The first effect of this ‘overdose of meaning’ I think is that most representation of violence, war and trauma becomes concern porn. Middle class people watching that video of the woman on the tram may have phoned the police, but the main reason they watched it was to establish themselves as good, ‘concerned’ citizens in comparison to the bad woman who uttered the tirade.
Another result I think, of this mediated imagery overload, is that the value of people’s individual responses and ‘real life’ discussions about events and politics becomes very limited. If you can Retweet a link to an atrocity, why bother going to a meeting or even writing a blogpost about it? I know #ows is a real life, real time movement, but there are many many more people who claim to support it simply sending hashtags round the twittersphere than there are camping out in city squares.

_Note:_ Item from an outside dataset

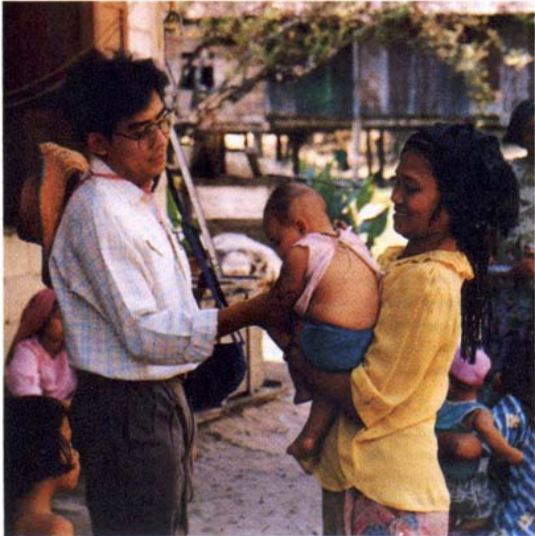
Providing healthcare access in remote fishing villages

With the cooperation of the Health Department, the Community Development Department and the Non-Formal Education Centre, the subproject facilitated the provision of social services to remote fishing villages with quite some success. It showed that with catalytic action it is possible to provide integrated development services to communities.

Also, I have found the level of debate amongst occupy activists to be dire.
There has been a kind of triumphalism from Occupy protestors when they have successfully ‘shut down’ meetings or talks by their ‘opponents’. For example the British Conservative minister David Willets was forced to abandon a talk at Cambridge university recently, and occupy activists in America have shut down a number of meetings and events. Their own meetings and events have been severely lacking in any kind of political analysis. 1968 this is not.
http://heresycorner.blogspot.com/2011/11/two-brains-v-no-brains.html
http://slog.thestranger.com/slog/archives/2011/11/28/whose-capitol-our-capitol
A kind of enthralling but also depressing example of this lack of ideological backbone to the occupy movement is a youtube clip of Judith Butler addressing OWS. They do that ‘human mic’ thing and her usually complex and subtle discourse gets reduced to a kind of show and tell event. I ended up spending the duration of the video admiring her leather jacket, her ‘look’, rather than listening to what she had to say. To underline my point, Butler has been described by (internet) activist fans as being the dreamiest in the video:
I am forced to abandon the 21st century and its tumblr memes, and to return to Baudrillard, who saw all this coming back in the 1990s. He wrote:
‘Today everything takes the look of the image – then all pretend that the real has disappeared under the pression and the profusion of images.. What is totally neglected is that the image also disappears under the blow and the impact of reality. The image is usually spoiled of its own existence as image, deyoted to a shameful complicity with the real. The violence exercised by the image is largely balanced by the violence done to the image – its exploitation as a pure vector of documen-tation, of testimony, of message (including the message of misery and violence), its allegeance to morale, to pedagogy, to politics, to publicity. Then the magic of the image, both as fatal and as vital illusion, is fading away. The Byzantine Iconoclasts wanted to destroy images in order to abolish meaning and the representation of God. Today we are still iconoclasts, but in an opposite way : we kill the images by an overdose of meaning.’